Pollock-Krasner House retiring director Helen Harrison sees the Abstract Expressionist in a new light
As a young woman at The Art Students League in Manhattan, Helen Harrison often headed to the nearby Museum of Modern Art at lunchtime, where she'd sit and ponder “One, No. 31, 1950,” the wall-sized canvas Jackson Pollock painted in his revolutionary abstract expressionist drip technique. It was a style that, in 1949, led Life magazine to ask: “Is he the greatest living painter in the United States?”
Harrison knew Pollock studied at The Art Students League with the legendary Thomas Hart Benton, knew the reputation and regard, knew the tragedy — that at the height of his career the 44-year-old Pollock died behind the wheel in a 1956 drunken-driving crash in Springs that also killed a passenger.
But the work?
“I'm from the duck-and-cover generation,” Harrison said, alluding to the Cold War and school-time nuclear attack drills. “We thought it [One, No. 31] was about the atomic bomb and chaos.
“I thought it all negative energy.”
On Wednesday, Harrison retired after 34 years as director of the Pollock-Krasner House and Study Center at Stony Brook University, responsible for operations at the Springs home and studio barn where Pollock and his wife, Lee Krasner, created some of the most heralded, and controversial, artwork of the 20th century.
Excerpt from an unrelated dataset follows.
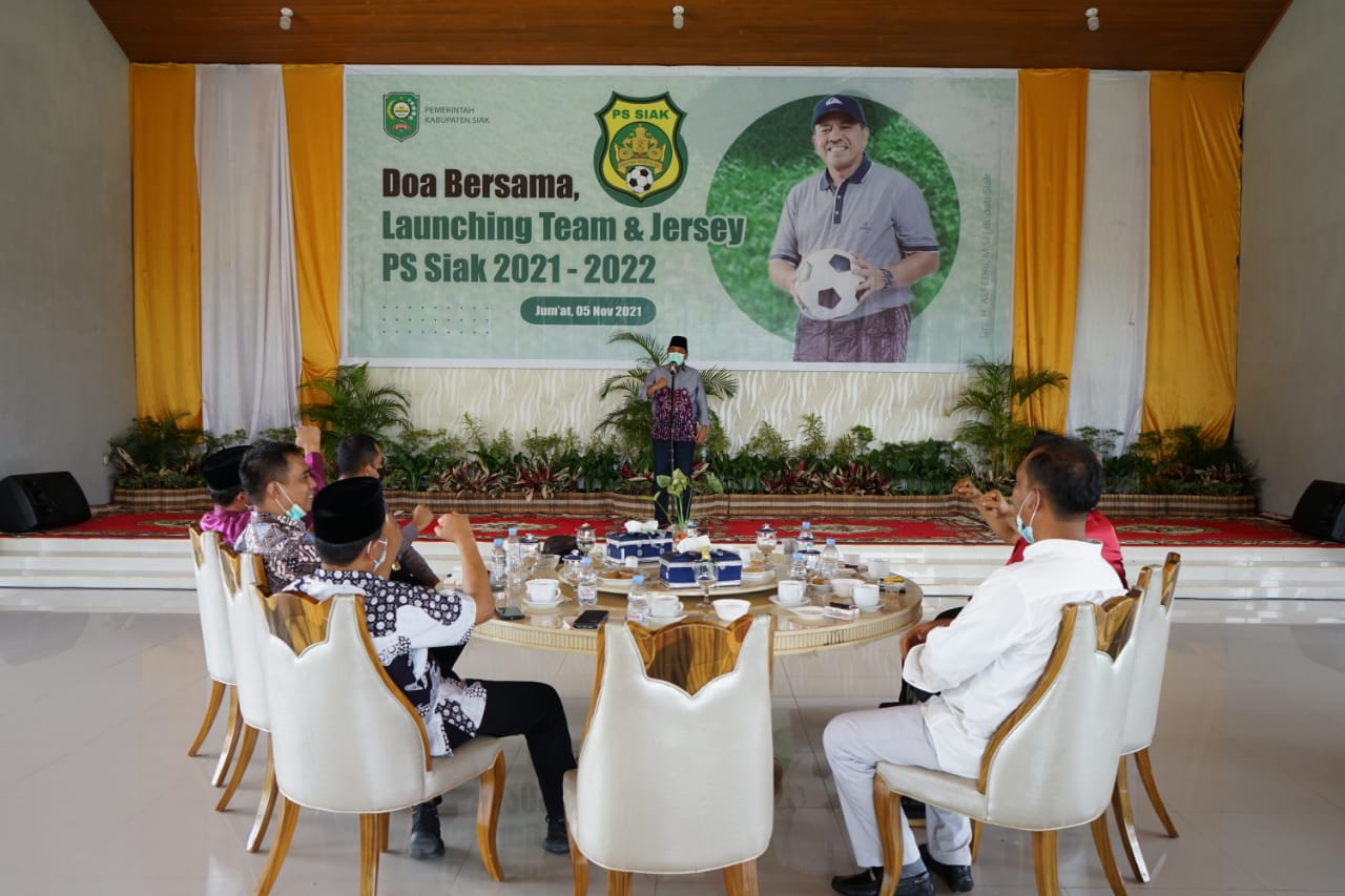 SIAK- Persatuan Sepak Bola Seluruh Indonesia (PSSI) Kabupaten Siak, menggelar Doa Bersama, sekaligus Launching Team dan Jersey Persatuan Sepak Bola Siak (PS Siak) 2021 – 2022, bertempat di Balairung Datuk Empat Suku Komplek Perumahan Abdi Praja, Jumat (5/11/21).

During those decades, Harrison, author, curator and former art critic for The New York Times, not only brought the museum into the 21st century, earning awards and a designation as a National Historic Landmark, she came to see Pollock in new light.
“Now I look at it and I see the lyrical qualities, the structure,” she said of “One, No. 31.” “It's not that the painting is different now, it's that I see it in a different way.”
A longtime resident of Sag Harbor, Harrison hopes her lasting legacy as director will be that visitors to the house will see another side to Pollock — and, to Krasner — too.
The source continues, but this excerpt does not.